• _Try it_
Write out the listing, please, but only from its first line through the line containing "グラブタブ付きのドッグボール", exactly as given and without pictures.

• _Input for this task_
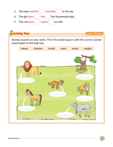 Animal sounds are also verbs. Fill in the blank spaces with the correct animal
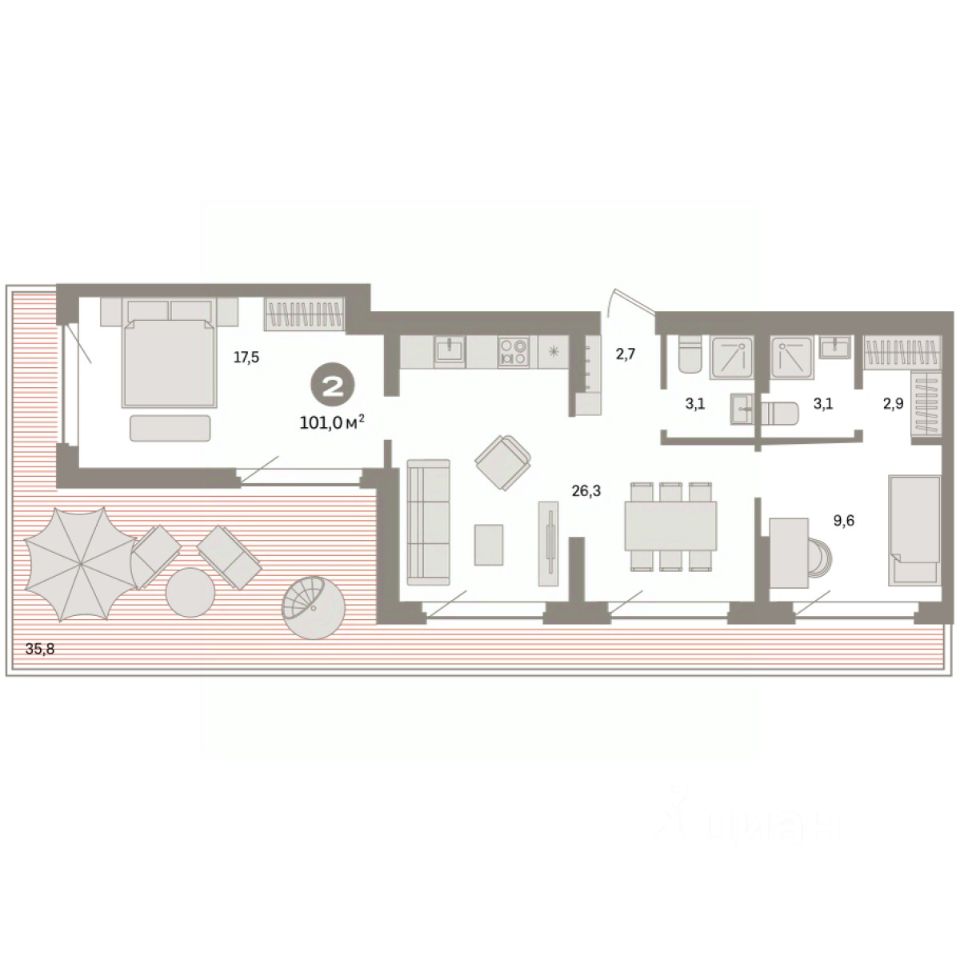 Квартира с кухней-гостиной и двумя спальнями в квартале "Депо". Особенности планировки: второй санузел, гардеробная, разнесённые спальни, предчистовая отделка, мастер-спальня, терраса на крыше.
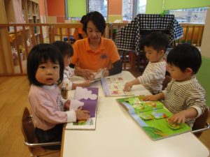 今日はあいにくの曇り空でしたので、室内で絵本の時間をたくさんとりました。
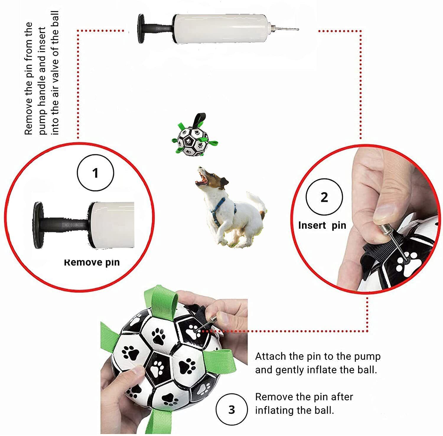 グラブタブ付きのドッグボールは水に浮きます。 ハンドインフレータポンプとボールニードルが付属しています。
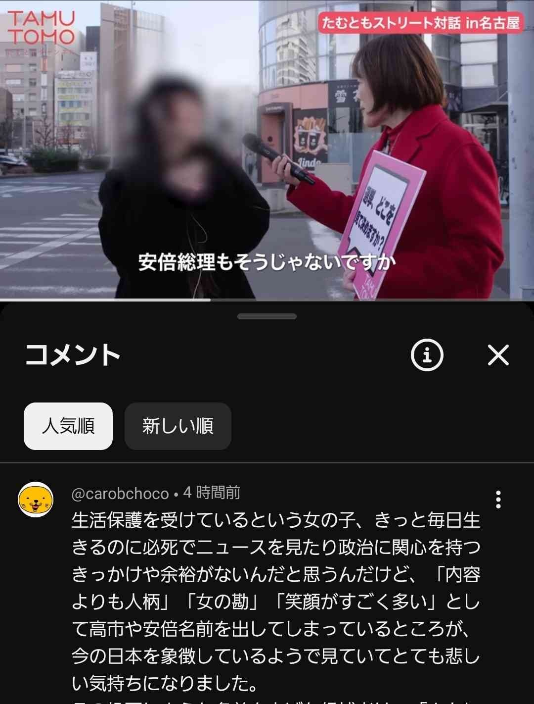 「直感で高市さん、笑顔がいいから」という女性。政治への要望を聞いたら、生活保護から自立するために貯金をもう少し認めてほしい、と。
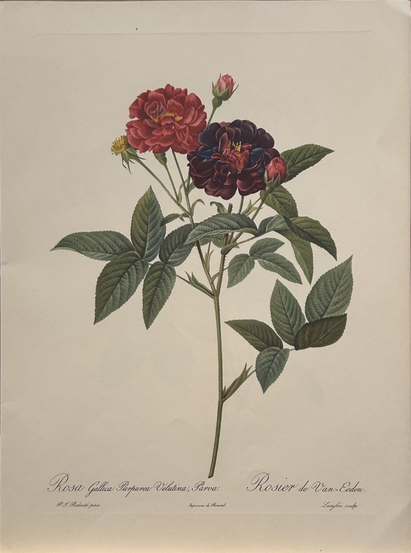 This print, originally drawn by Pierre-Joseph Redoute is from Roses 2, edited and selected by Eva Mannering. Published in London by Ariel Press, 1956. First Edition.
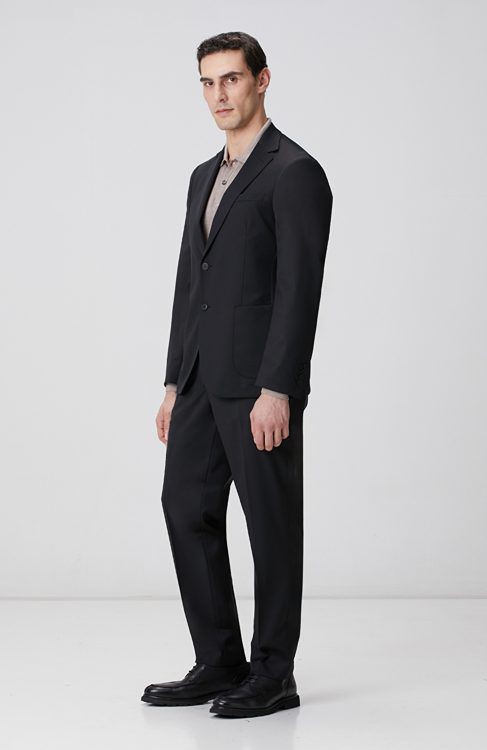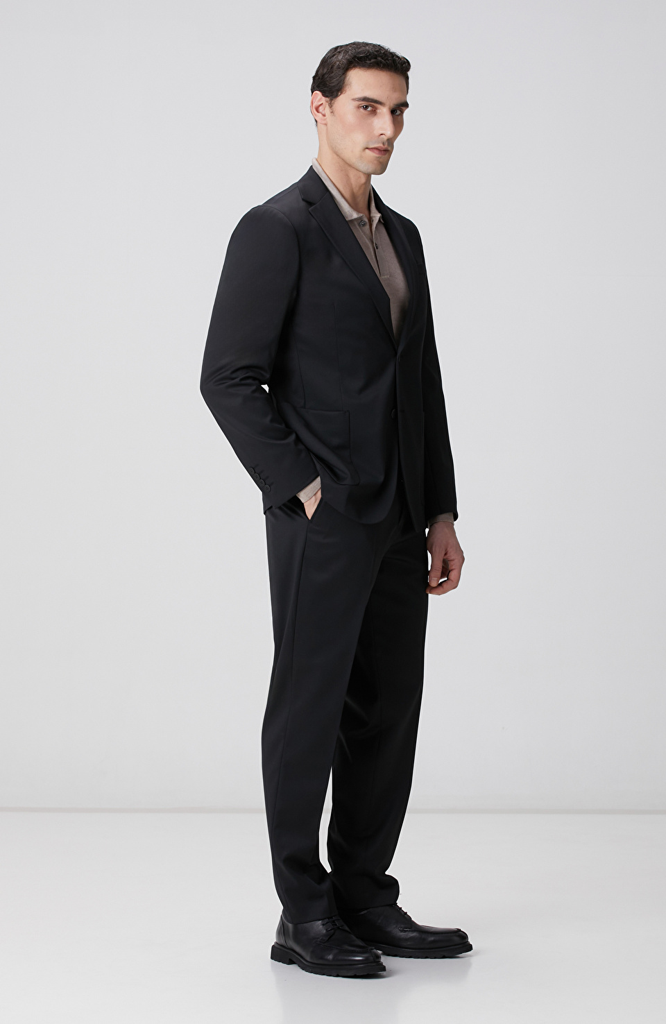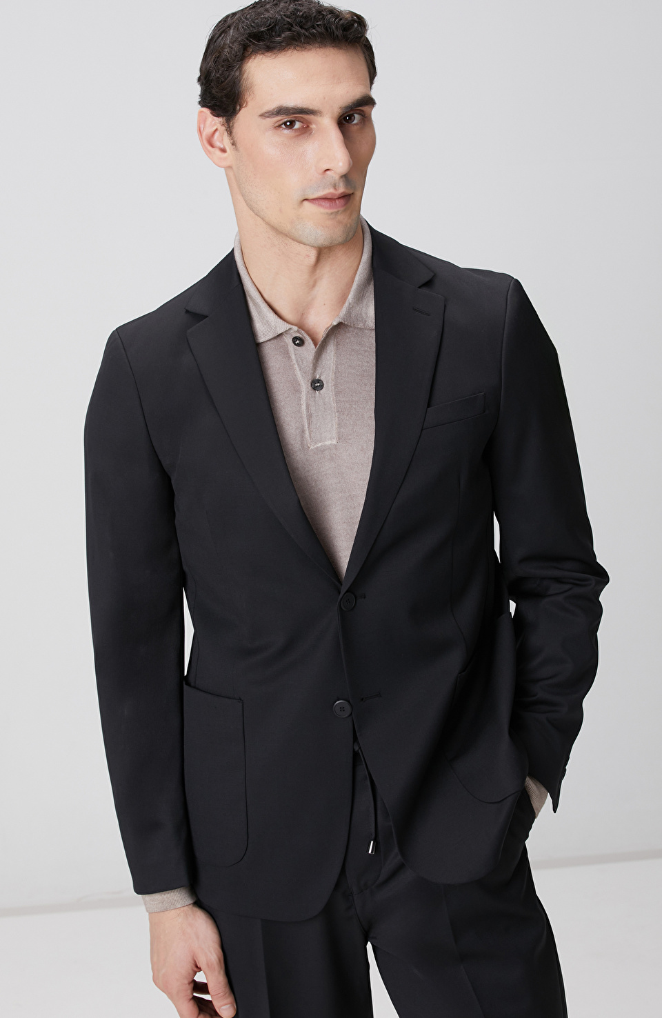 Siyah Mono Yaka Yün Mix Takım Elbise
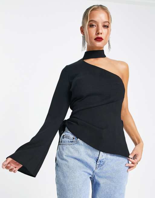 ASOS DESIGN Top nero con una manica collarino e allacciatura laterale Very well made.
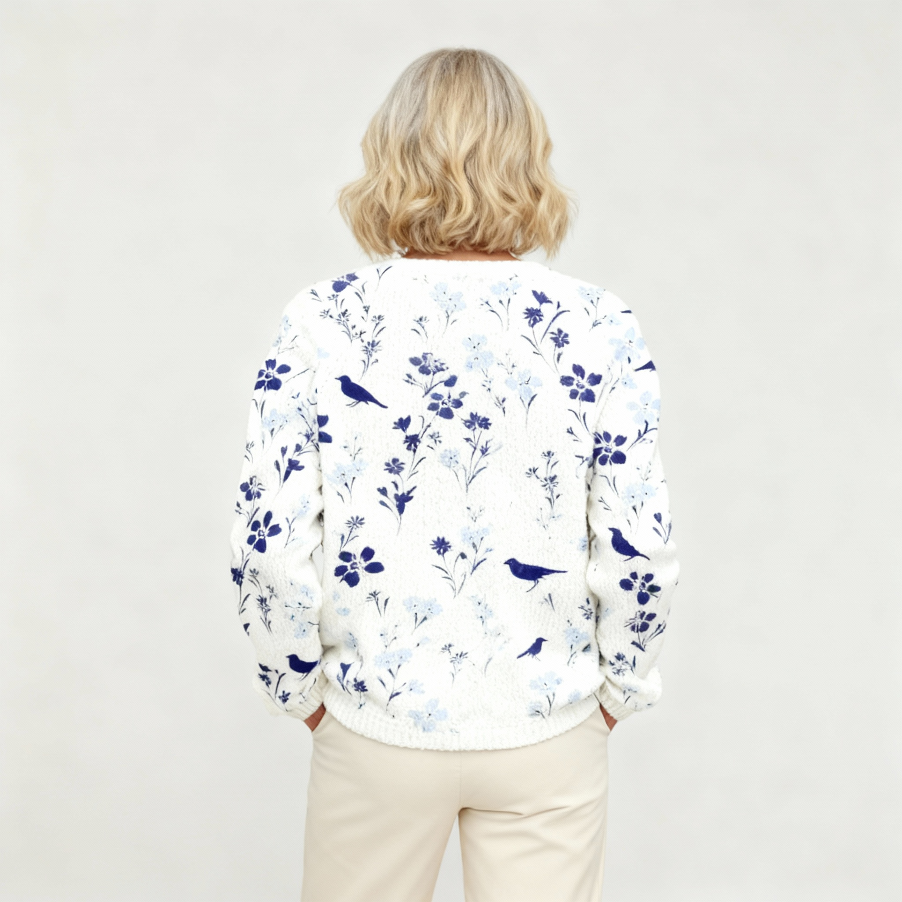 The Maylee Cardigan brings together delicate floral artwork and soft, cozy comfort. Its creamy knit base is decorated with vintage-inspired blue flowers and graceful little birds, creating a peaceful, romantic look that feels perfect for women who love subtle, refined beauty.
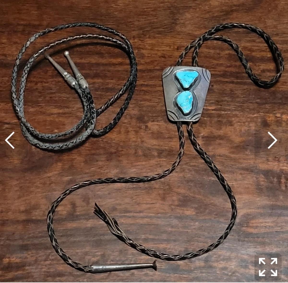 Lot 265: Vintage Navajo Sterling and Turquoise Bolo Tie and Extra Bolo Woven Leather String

• _Written answer_
 Animal sounds are also verbs. Fill in the blank spaces with the correct animal
 Квартира с кухней-гостиной и двумя спальнями в квартале "Депо". Особенности планировки: второй санузел, гардеробная, разнесённые спальни, предчистовая отделка, мастер-спальня, терраса на крыше.
 今日はあいにくの曇り空でしたので、室内で絵本の時間をたくさんとりました。
 グラブタブ付きのドッグボールは水に浮きます。 ハンドインフレータポンプとボールニードルが付属しています。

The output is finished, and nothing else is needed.